*** DATASET RECORDS ***

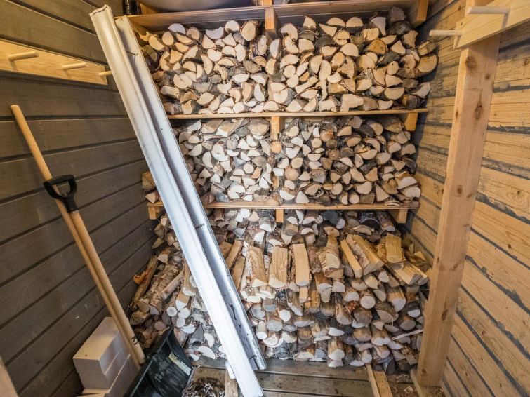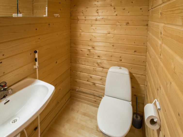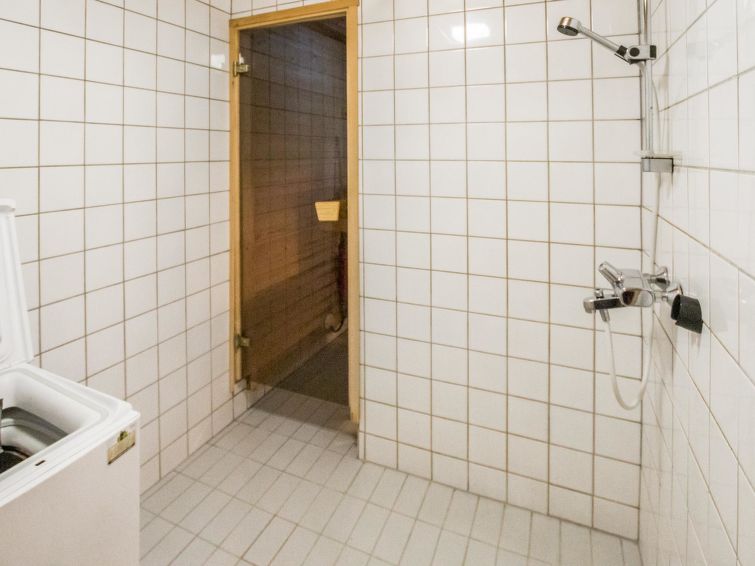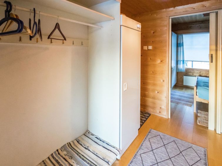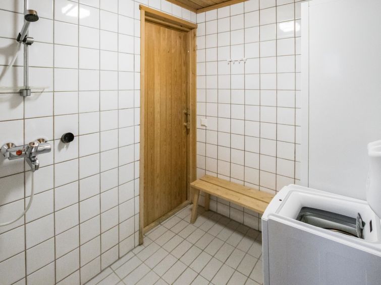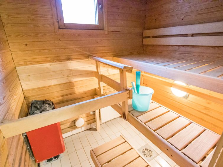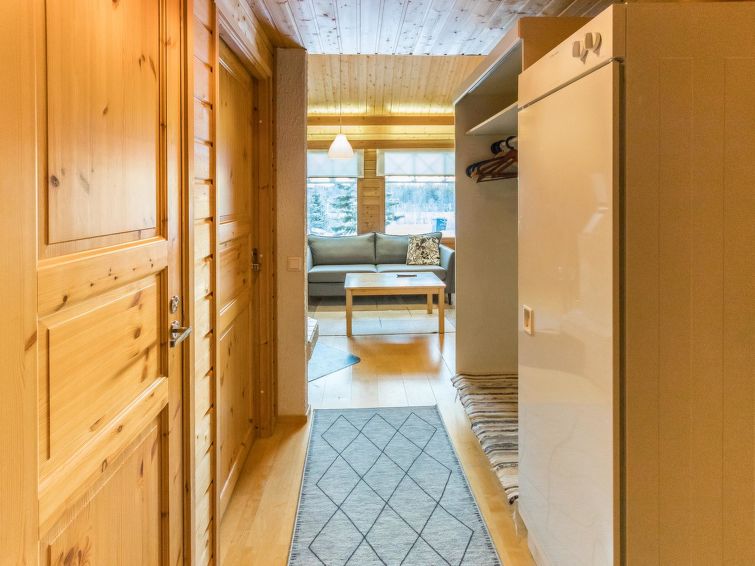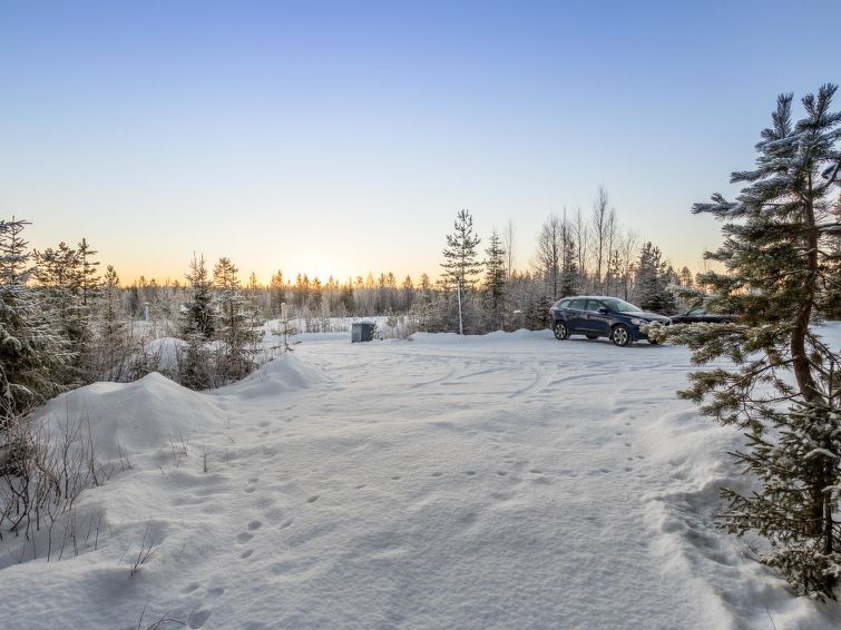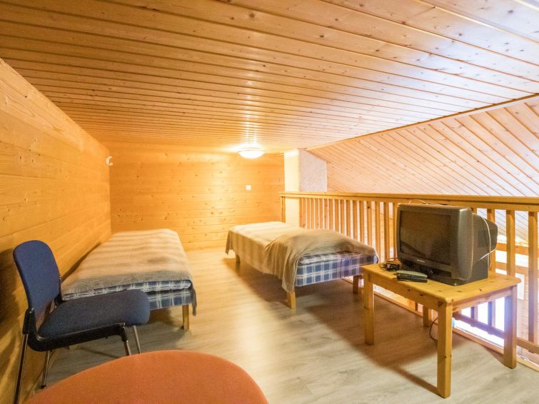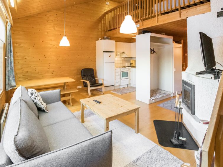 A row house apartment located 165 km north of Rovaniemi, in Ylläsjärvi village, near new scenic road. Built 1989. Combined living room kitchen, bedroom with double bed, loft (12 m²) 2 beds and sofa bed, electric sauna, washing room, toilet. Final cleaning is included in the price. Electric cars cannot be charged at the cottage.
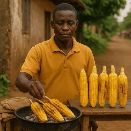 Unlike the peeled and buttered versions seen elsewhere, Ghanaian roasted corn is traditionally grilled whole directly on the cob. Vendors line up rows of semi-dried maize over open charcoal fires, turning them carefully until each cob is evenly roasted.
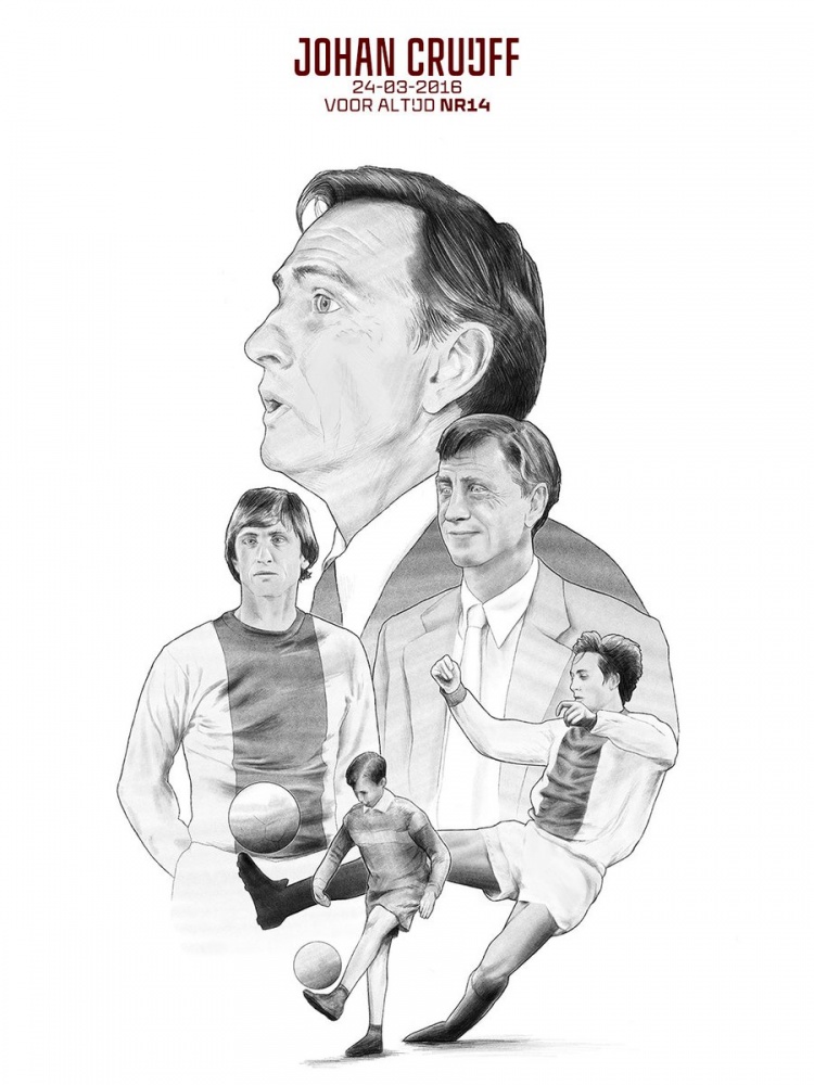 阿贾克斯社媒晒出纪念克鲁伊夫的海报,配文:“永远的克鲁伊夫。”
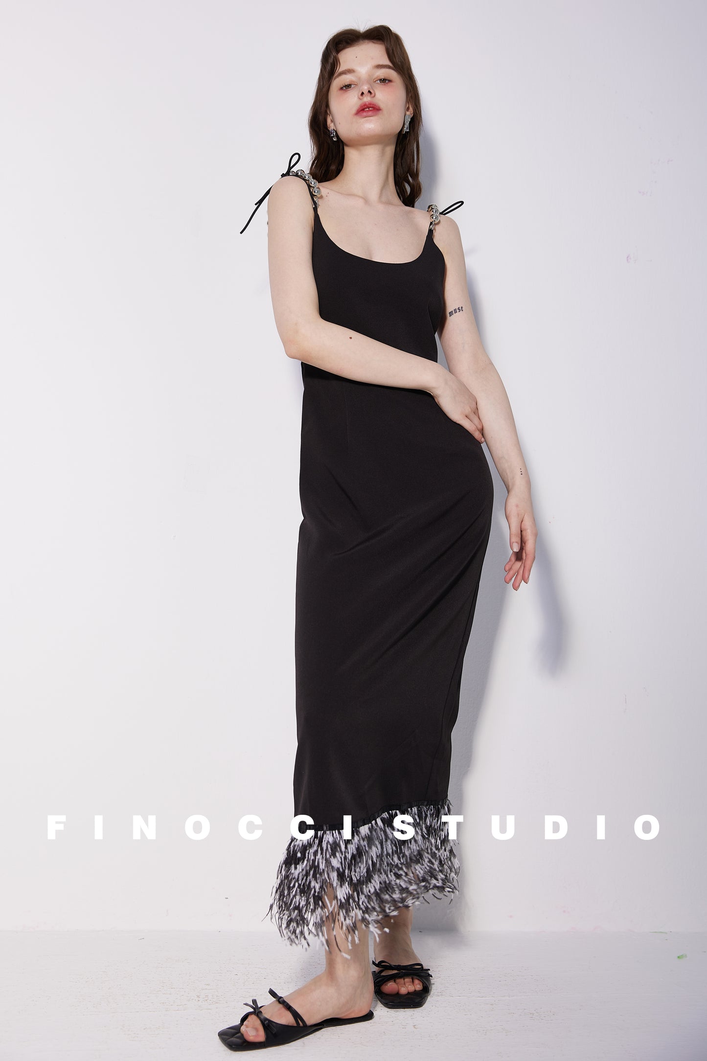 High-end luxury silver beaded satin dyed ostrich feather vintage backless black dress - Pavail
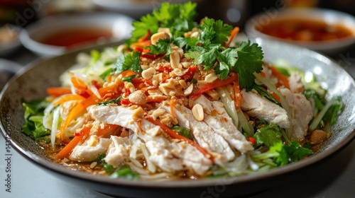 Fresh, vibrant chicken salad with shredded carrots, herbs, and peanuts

*** End of DATASET RECORDS ***

BRIEF ->
The listing above should be transcribed word for word, with its pictures left out.

WRITTEN RESPONSE ->
 A row house apartment located 165 km north of Rovaniemi, in Ylläsjärvi village, near new scenic road. Built 1989. Combined living room kitchen, bedroom with double bed, loft (12 m²) 2 beds and sofa bed, electric sauna, washing room, toilet. Final cleaning is included in the price. Electric cars cannot be charged at the cottage.
 Unlike the peeled and buttered versions seen elsewhere, Ghanaian roasted corn is traditionally grilled whole directly on the cob. Vendors line up rows of semi-dried maize over open charcoal fires, turning them carefully until each cob is evenly roasted.
 阿贾克斯社媒晒出纪念克鲁伊夫的海报,配文:“永远的克鲁伊夫。”
 High-end luxury silver beaded satin dyed ostrich feather vintage backless black dress - Pavail
 Fresh, vibrant chicken salad with shredded carrots, herbs, and peanuts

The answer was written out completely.